Attosecond interferometry unravels complex delays in photoemission from solids
2014
Recent progress in ultrafast spectroscopy has allowed us to directly study the dynamics of electrons, which is essential to understand underlying processes since electrons are the carriers of energy and information and form the chemical bonds between atoms. These electronic processes naturally occur on an attosecond timescale as a result of the characteristic electron velocities and length scales. Small relative delays between photoemission from different electronic states were observed in noble gas atoms and from metal surfaces. Despite these advances, our understanding of the temporal characteristics of the photoemission process in condensed matter systems remains limited. We extend gas phase methodology based on quantum path interference to noble metal surfaces and we demonstrate that we can derive energy-dependent photoemission delays using attosecond pulse trains. Taking photoemission from Ar 3p as temporal reference enables us to extract absolute delays since the case of argon atoms has been extensively studied and is well understood from a theoretical point of view.

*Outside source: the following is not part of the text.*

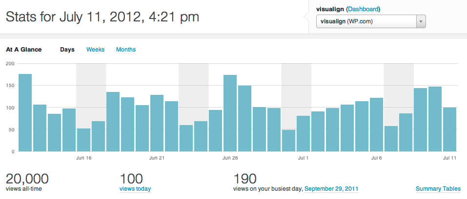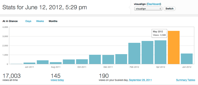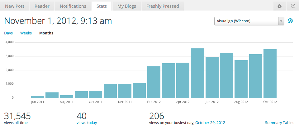 I started this Data Visualization Blog back at the end of May 2011. WordPress provides decent analytics to measure things like views, referrer, clicks, etc. The built-in stats show bar charts by day/week/month, views by country, top posts and pages, search engine terms, comments, followers, tags and so on. I have accumulated the view data and wanted to share some analysis thereof.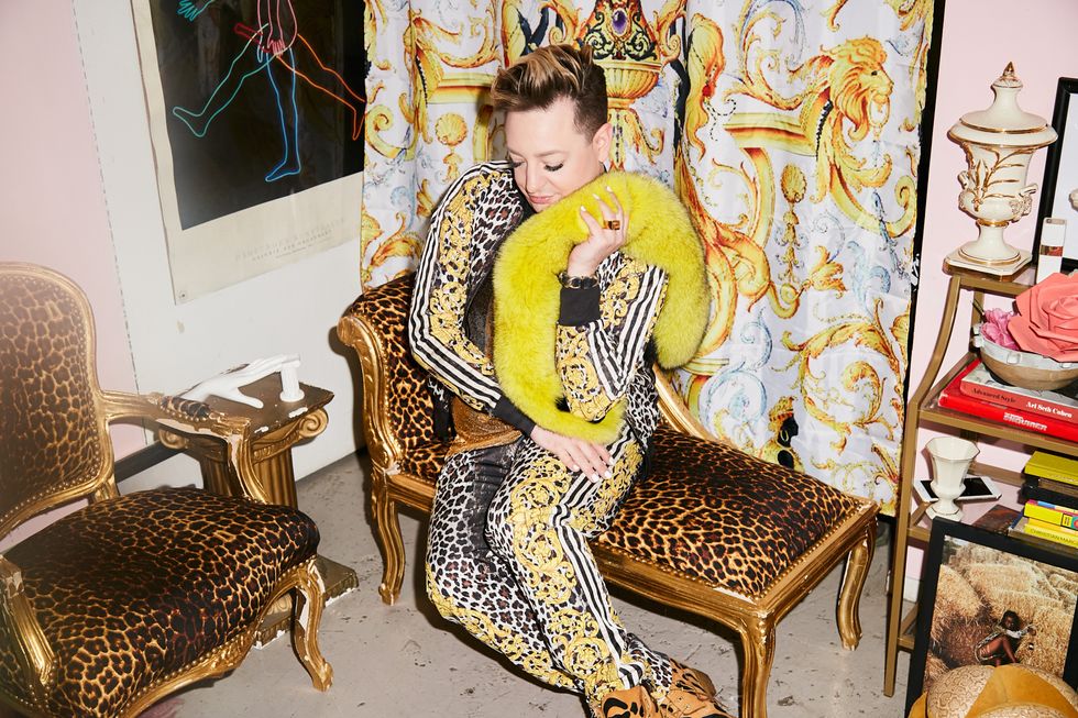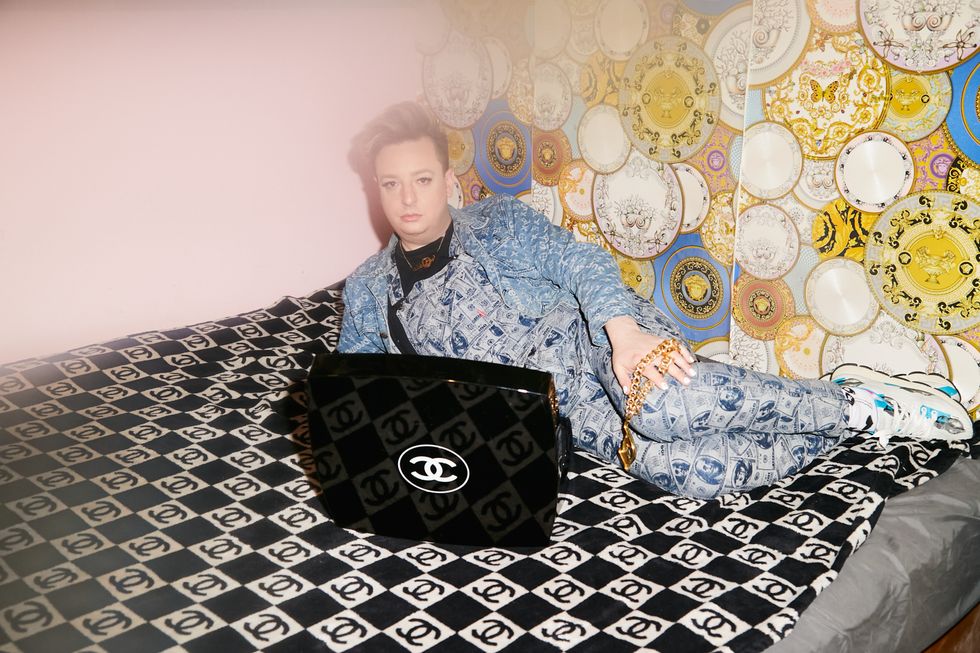 While the internet-famous vintage dealer's online persona is colorful as can be, it's surprisingly easy to miss the nondescript Williamsburg building where Held lives and works. It requires another glance to see that the address is correct before ringing the bell. Answering the door in a Versace Couture baseball cap, graphic t-shirt and sweatpants, Held radiates off-duty chic as he walks through the fashion closet he calls home.

Our experimental photoemission delays from Ag(111) and Au(111) are in the same time range as those obtained from simulations based on scattering theory and ballistic transport, but vary strongly with small changes in energy. This interesting behaviour cannot be reproduced with our theoretical model and it must be attributed to effects beyond transport. Complex interactions of the outgoing electron with the photohole, the remaining electrons and the crystal lattice are imprinted on the temporal characteristics and accessible in our experiment. Our approach does not require single attosecond pulses and directly delivers photoemission delays at different electron energies.